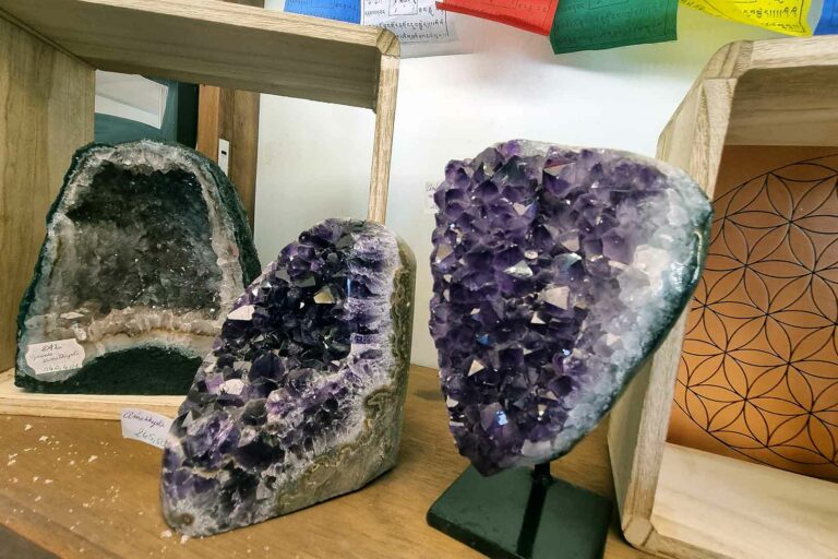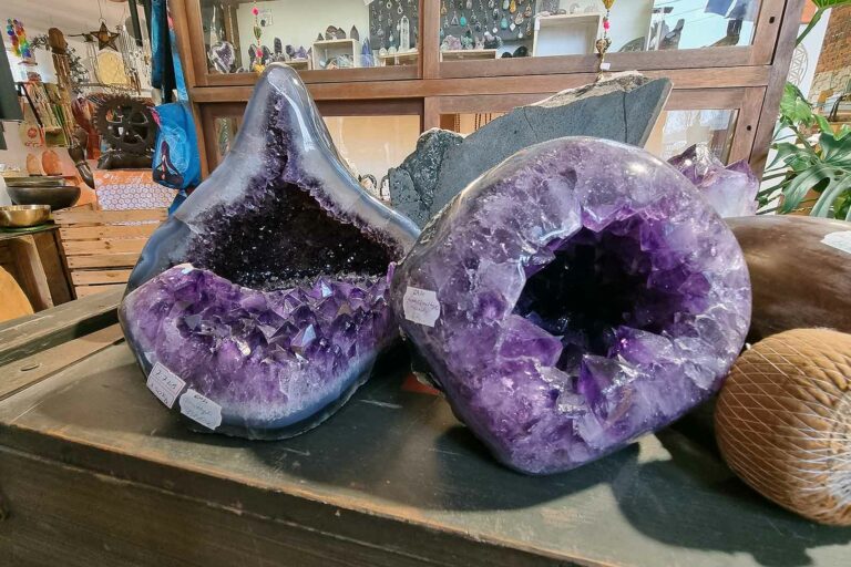ArtMano vous propose diverses géodes polies ou à l’état brut : améthyste, cristal de roche… Les géodes sont des cavités rocheuses (parfois de grande taille), creuses, tapissées intérieurement de cristaux et de forme arrondie. Ne les confondez pas avec les druses qui, elles, sont relativement plates. À l’instar des pierres roulées, on dit des géodes qu’elles apportent du bien-être, de l’énergie, des bienfaits sur le mental… Posez votre géode dans votre environnement (bureau, salle de séjour, hall, chambre, table de nuit…) pour équilibrer vos chakras et améliorer l’atmosphère de votre lieu de vie. Ou exposez ce bel objet dans votre salon pour le plaisir des yeux.
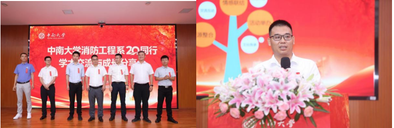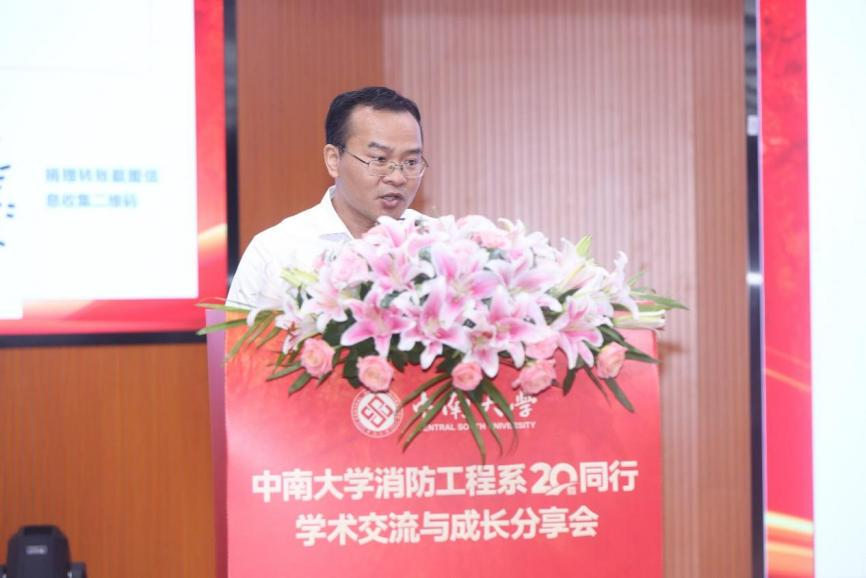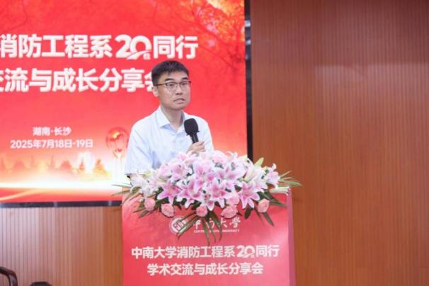 随后,校友代表发言交流。2005级校友、伟德国际1946源于英国交通运输工程学院原党委书记贺志军,深情感谢徐志胜教授、赵望达教授等老一辈教师的付出,并引用“星星之火,可以燎原”“众人拾柴火焰高”表达对恩师们点燃学子求知之火、奠定事业根基的崇高敬意;2006级校友、消防工程系首位本硕博毕业生、2025年共青团中央新时代青年先锋奖获得者、中国安全生产科学研究院李建分享了个人科研及工作经历,重点介绍地铁火灾蔓延理论、控制技术及检测方法研究情况,坦言母校所学知识对工作助益颇深,并深情感谢了母校和恩师;2004级校友、福州大学张冬副教授分享了个人成长经历及在福州大学的工作情况,勉励在校学子珍惜时光、精进专业、投身实践,为未来发展夯实基础;2003级校友、中联科锐消防有限公司总经理倪天晓介绍了公司情况,高度赞扬了伟德国际1946源于英国浓厚的创业氛围,并分享了自己创业历程;2010级校友、中建八局浙江建设有限公司第三分公司总经理徐骏峰通过线上方式介绍了中建八局发展历程与现状,并向校友们致以诚挚祝福。
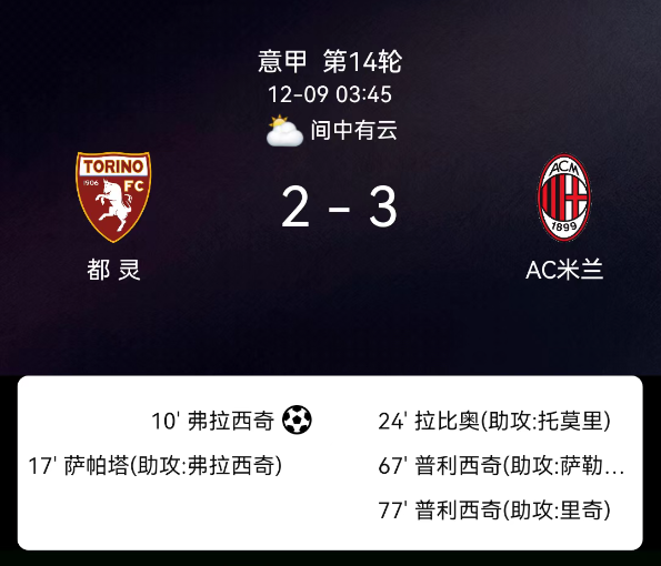 北京时间12月9日3:45,2025-2026赛季意甲第14轮,都灵主场迎战AC米兰。第10分钟弗拉希奇点射,0-1;第17分钟萨帕塔破门,0-2;第24分钟拉比奥世界波,1-2;第67分钟普利希奇破门,2-2;第77分钟普利希奇双响,3-2;都灵1黄、米兰无红黄牌。最终比分,都灵2-3AC米兰。
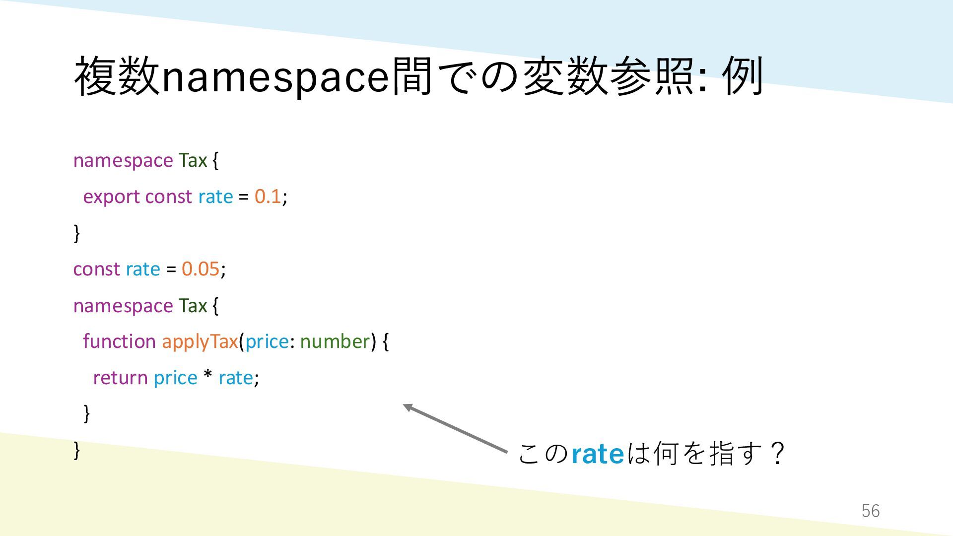 } const rate = 0.05; namespace Tax { function applyTax(price: number) { return price * rate; } } 56 このrateは何を指す?

:::::

### Task
Copy out every line of the data above, taking care to leave the pictures out.

### Solution for this exercise
ArtMano vous propose diverses géodes polies ou à l’état brut : améthyste, cristal de roche… Les géodes sont des cavités rocheuses (parfois de grande taille), creuses, tapissées intérieurement de cristaux et de forme arrondie. Ne les confondez pas avec les druses qui, elles, sont relativement plates. À l’instar des pierres roulées, on dit des géodes qu’elles apportent du bien-être, de l’énergie, des bienfaits sur le mental… Posez votre géode dans votre environnement (bureau, salle de séjour, hall, chambre, table de nuit…) pour équilibrer vos chakras et améliorer l’atmosphère de votre lieu de vie. Ou exposez ce bel objet dans votre salon pour le plaisir des yeux.
 随后,校友代表发言交流。2005级校友、伟德国际1946源于英国交通运输工程学院原党委书记贺志军,深情感谢徐志胜教授、赵望达教授等老一辈教师的付出,并引用“星星之火,可以燎原”“众人拾柴火焰高”表达对恩师们点燃学子求知之火、奠定事业根基的崇高敬意;2006级校友、消防工程系首位本硕博毕业生、2025年共青团中央新时代青年先锋奖获得者、中国安全生产科学研究院李建分享了个人科研及工作经历,重点介绍地铁火灾蔓延理论、控制技术及检测方法研究情况,坦言母校所学知识对工作助益颇深,并深情感谢了母校和恩师;2004级校友、福州大学张冬副教授分享了个人成长经历及在福州大学的工作情况,勉励在校学子珍惜时光、精进专业、投身实践,为未来发展夯实基础;2003级校友、中联科锐消防有限公司总经理倪天晓介绍了公司情况,高度赞扬了伟德国际1946源于英国浓厚的创业氛围,并分享了自己创业历程;2010级校友、中建八局浙江建设有限公司第三分公司总经理徐骏峰通过线上方式介绍了中建八局发展历程与现状,并向校友们致以诚挚祝福。
 北京时间12月9日3:45,2025-2026赛季意甲第14轮,都灵主场迎战AC米兰。第10分钟弗拉希奇点射,0-1;第17分钟萨帕塔破门,0-2;第24分钟拉比奥世界波,1-2;第67分钟普利希奇破门,2-2;第77分钟普利希奇双响,3-2;都灵1黄、米兰无红黄牌。最终比分,都灵2-3AC米兰。
 } const rate = 0.05; namespace Tax { function applyTax(price: number) { return price * rate; } } 56 このrateは何を指す?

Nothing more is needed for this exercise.